The US has tens of thousands of local, state and federal mandated recycle centers and land fills that have become self funded with their services. For decades, grinding up used plastics for reuse in virgin plastics has created many jobs and local tax relief funding. Twice a month I park our recycle bin next to the curb for paper and plastic pick up. I remember our family recycling items during the Korean War. I have seen old films of the US of A recycling during WWII. So, recy isn’t new to us. Maybe the rest of the Asian World needs to wake up and get their act together.

Rick C PE
January 6, 2019 9:58 am

“He oversees a staff of more than 80 engineers, oceanographers and others.”

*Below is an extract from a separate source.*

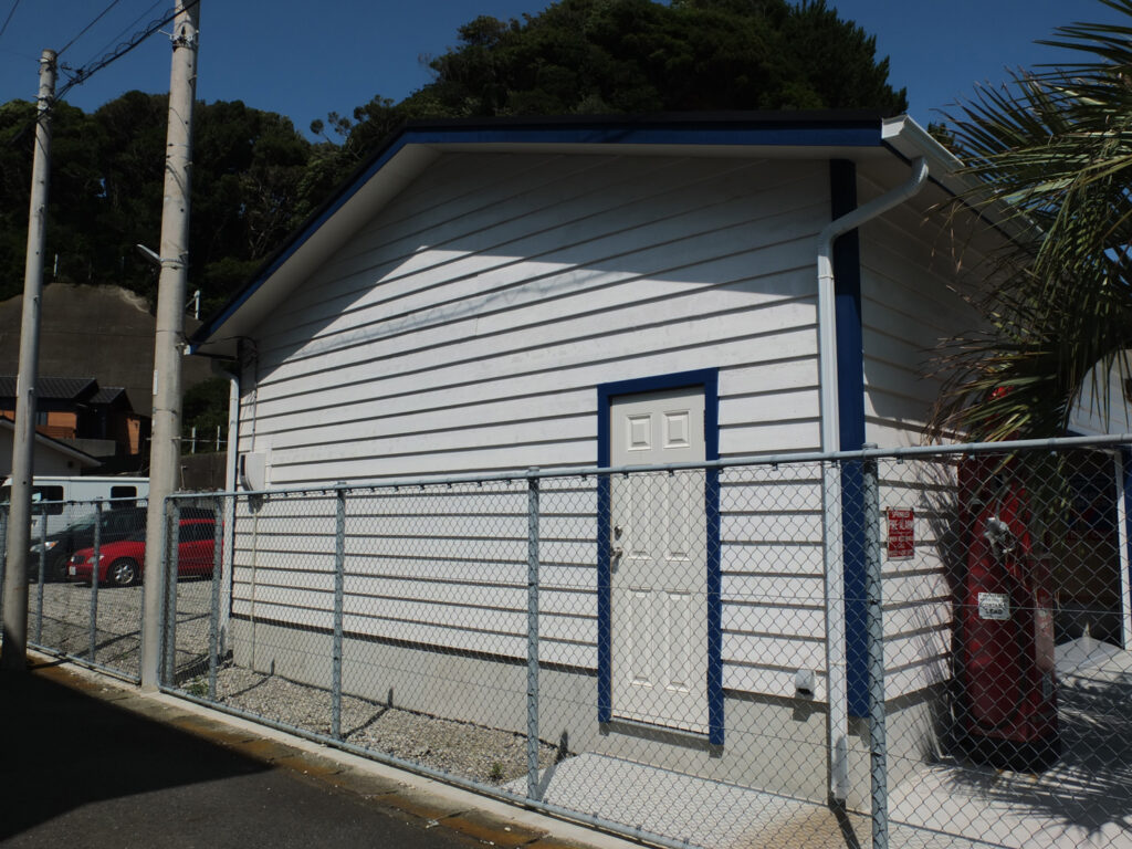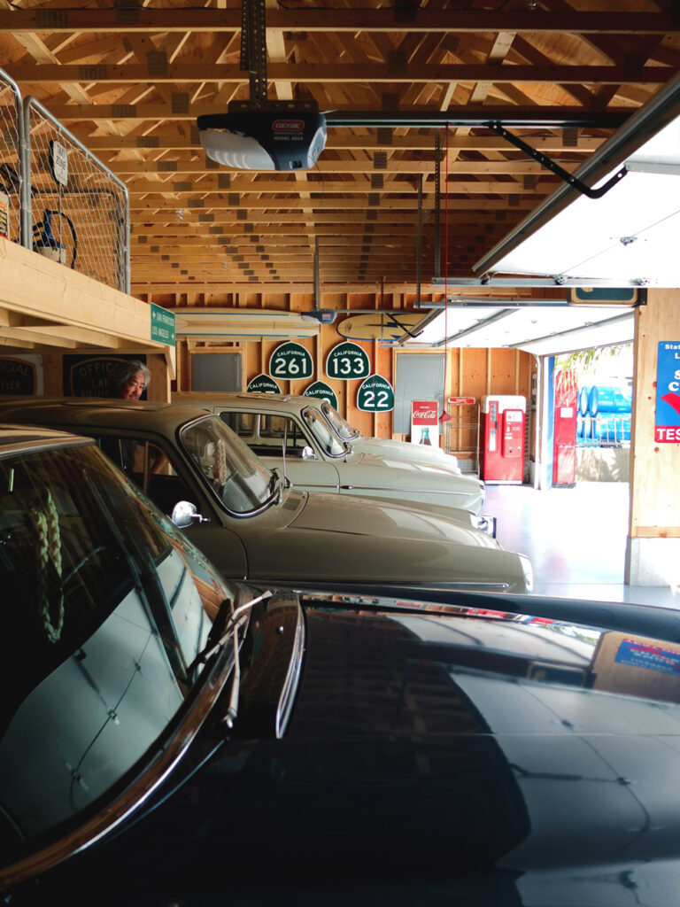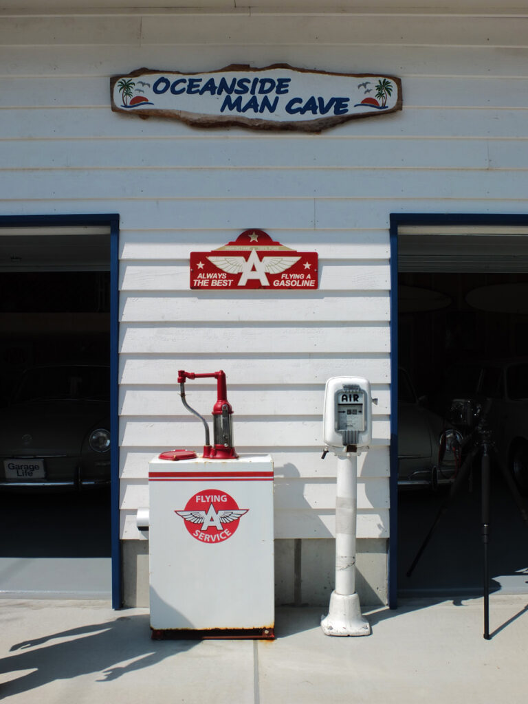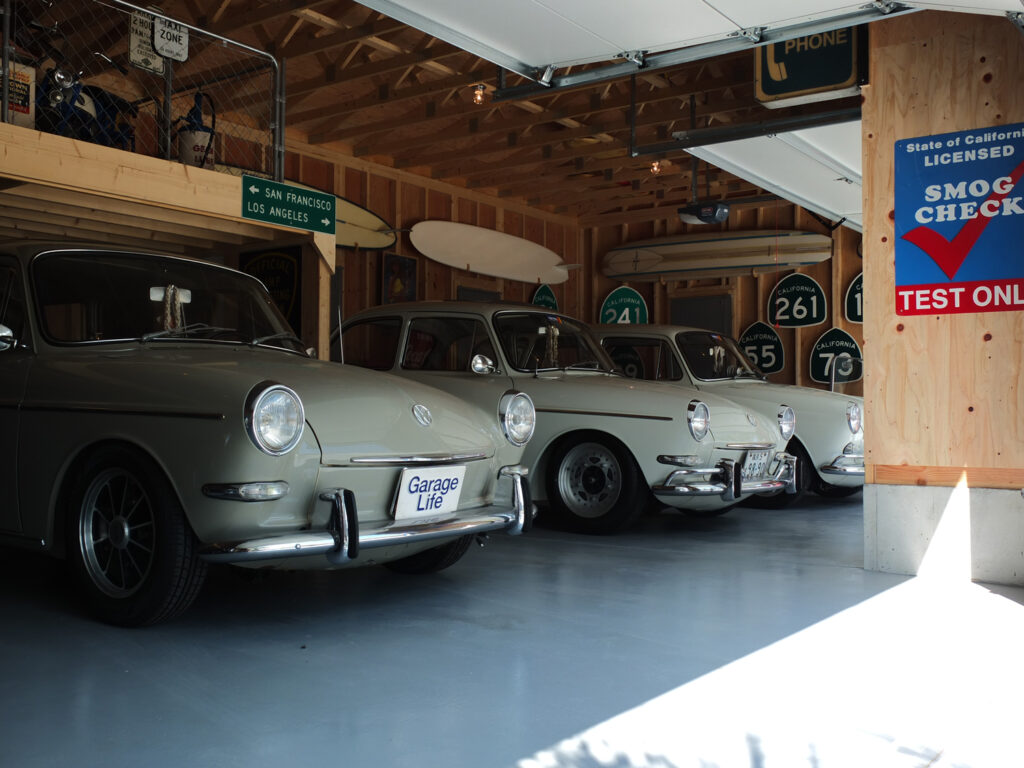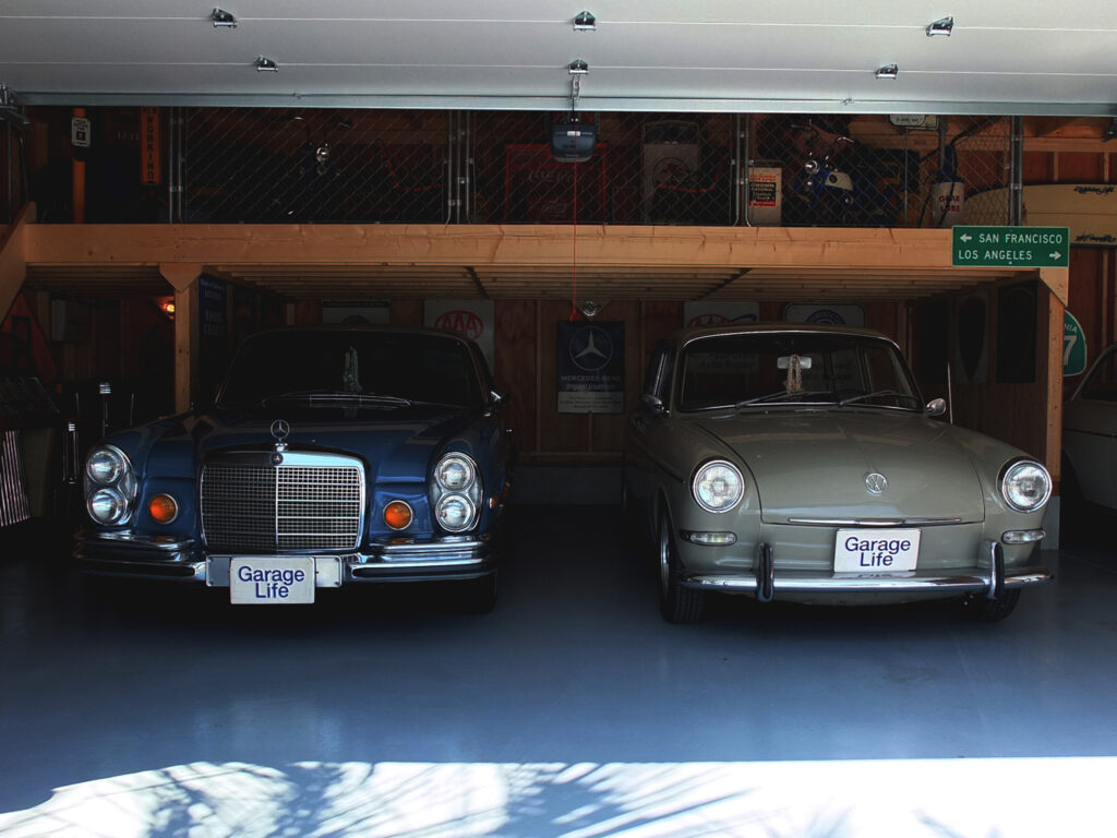 2022年完成。海からほど近い場所に建てられた、西海岸を思わせるアメリカンガレージ。白い外壁にブルーの縁取りが爽やかで、晴れた空がよく似合います。ガレージドアを軒側に2台並べ、車庫内には4〜5台の車が格納可能。また建物全体の壁高さを通常より30cm高くして、一部にロフトを作製。オーナーがアメリカから買い付けてきたコレクションが所狭しと並びます。

Apparently no competent engineers on his staff. Not my specific area, but I could have predicted the waves and wind in the open ocean would tear the 600 meter long floating plastic pipe apart in the first moderate storm it encountered. Let’s hope that when they finally prove to themselves that this is a failure, they responsibly dispose of the contraption.

Reply to  Rick C PE
January 6, 2019 2:52 pm

There is a massive difference between people formally educated and degree graduated as ‘Engineers’, and people who invent a new, more impressive title.

Formerly janitor, new title is waste engineer or maintenance engineer.

Calling them engineers and paying them as engineers does not mean they are degreed qualified ‘Engineers’.

Loren Wilson
January 6, 2019 1:29 pm

I follow several people who sail across the Atlantic and Pacific oceans. They are all very conscious of plastic pollution and other forms of water pollution. There is very little plastic waste on the beaches of the Eastern Pacific north of Central America. Indonesia is covered in it. Some countries have public refuse collection systems and landfills. Those that do not treat the rivers and ocean as their waste receptacles. He would do more good just making one that could filter the effluent from a river in Asia. Maybe I should design a small generating station that burns plastic. This would be a win-win.

January 6, 2019 2:39 pm

Only in a progressive elitist world could people be this foolish.

A) Assume that a young person has a better idea than everybody else, for all eternity.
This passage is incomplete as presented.